That's it. Python 3.9+. Includes sentence-transformers for semantic search.


2. Use

from lore_memory import Memory

m = Memory()
m.store("I live in Amsterdam and work at Google")
m.store("I love Python and hate Java")

m.query("where do I work?")  #> Google (conf=0.867)

m.store("I moved to Berlin")
m.query("where do I live?")  #> Berlin — Amsterdam auto-superseded

3. Connect to your AI tool

One config. Works with Claude, Cursor, Windsurf, or any MCP client.

{
  "mcpServers": {
    "lore-memory": {
      "command": "python3",
      "args": ["/path/to/lore-memory/mcp/server.py"]
    }
  }
}
Tool Where to put it
Claude Desktop ~/Library/Application Support/Claude/claude_desktop_config.json
Claude Code .mcp.json in project root
Cursor .cursor/mcp.json in project root
Windsurf ~/.codeium/windsurf/mcp_config.json

Your AI now remembers everything across conversations.



Why LoreMem


local-first

Local-First
SQLite + sentence-transformers.
No API keys. No cloud. No cost.



no LLM at write

English Grammar Extraction
Positional parser for English.
No LLM required at write time.
English-only scope.



7 channels

Self-Learning
7 retrieval channels adapt via
feedback and Hebbian learning.



<50ms

Fast
~10–20ms retrieval to 10K facts.
In-process; no network.



isolation

Private-Scope Isolation
One SQLite file per user.
Shared scope has no row-level ACL.



offline

Offline
Everything local.

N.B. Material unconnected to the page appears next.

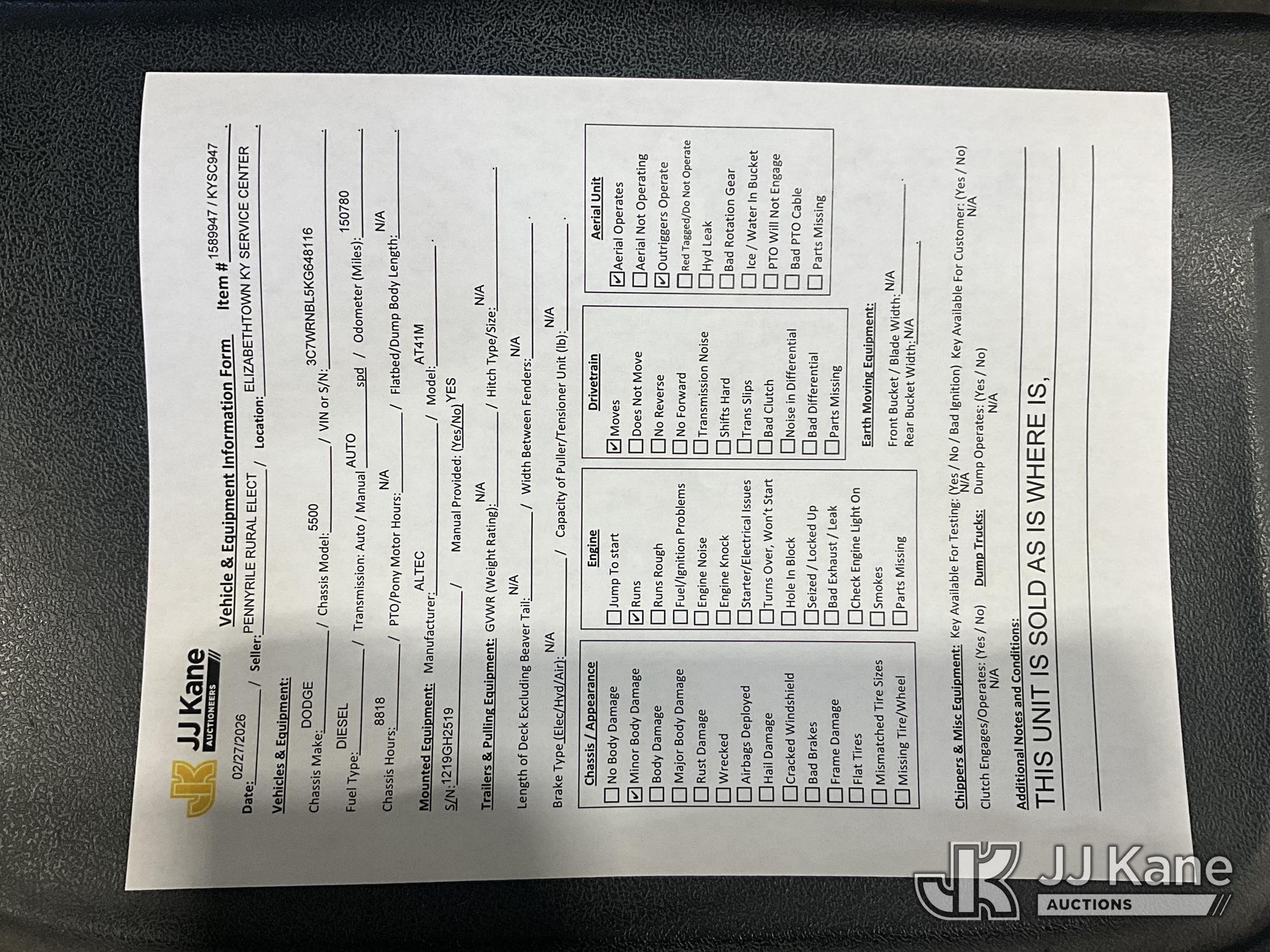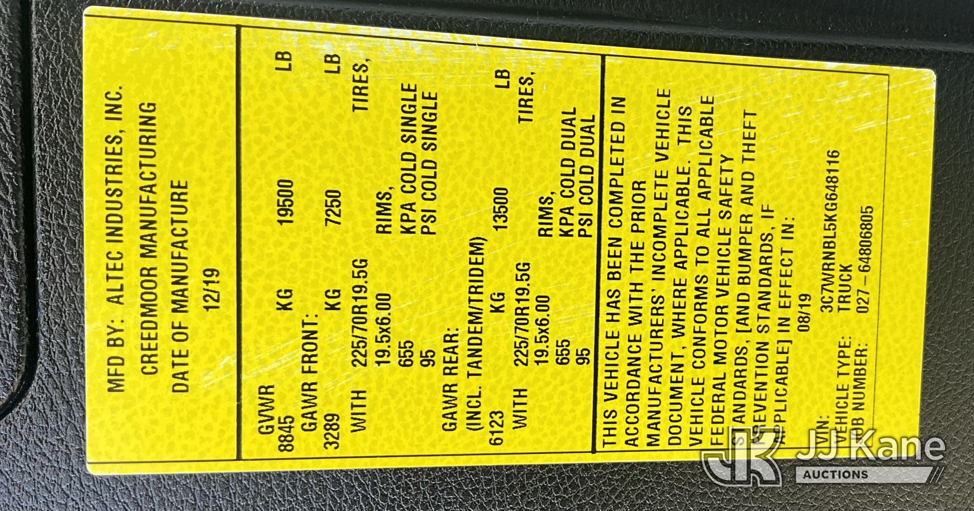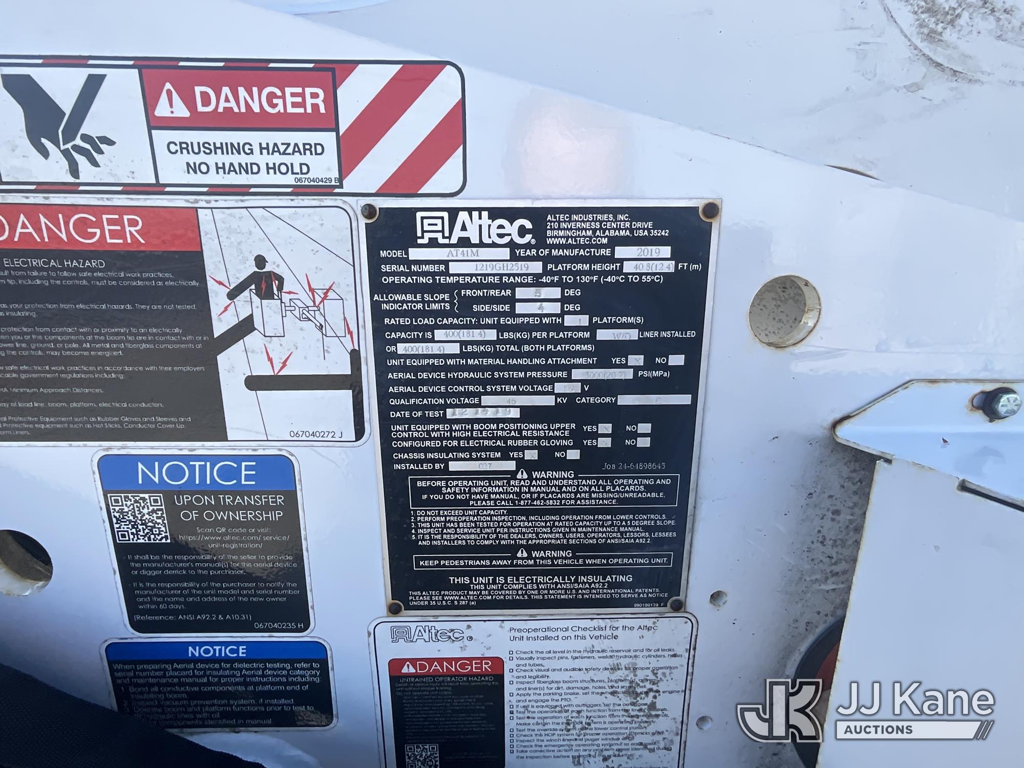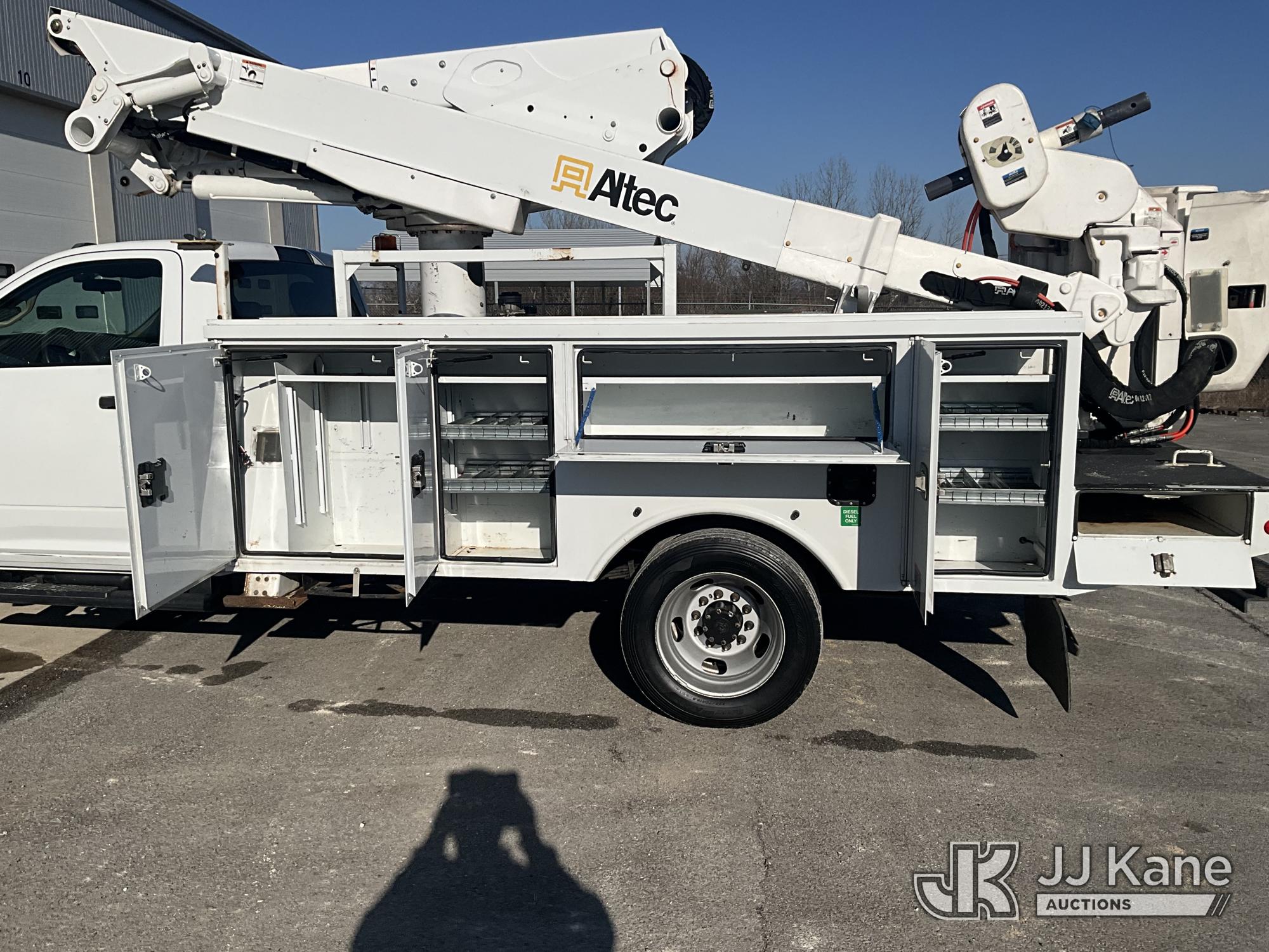 Altec AT41M, 46 ft, Articulating & Telescopic Material Handling Bucket Truck s/n 1219GH2519, with single-man bucket & 2 hyd outriggers, mounted behind cab on 2019 RAM 5500 4x4 Service Truck, Cummins 6.7L diesel, Auto, (150,780 miles) (Runs, Moves & Upper Operates) This is a Titled Item*

No telemetry.
Your data never leaves.



LoreMem Cloud alternatives
Requires LLM at write No Yes
Cost Free $19–249/mo
Works offline Yes No
Extraction English positional grammar LLM-dependent
Language scope English only Multilingual
Private isolation Filesystem (file-per-user) API-level


How It Works

Store
Grammar extraction
Recall
7-channel retrieval
Learn
Adaptive improvement

Store — text in, structured facts out
  "I live in Amsterdam and work at Google"
           │                        │
           ▼                        ▼
   (user, live_in, Amsterdam)    (user, work_at, Google)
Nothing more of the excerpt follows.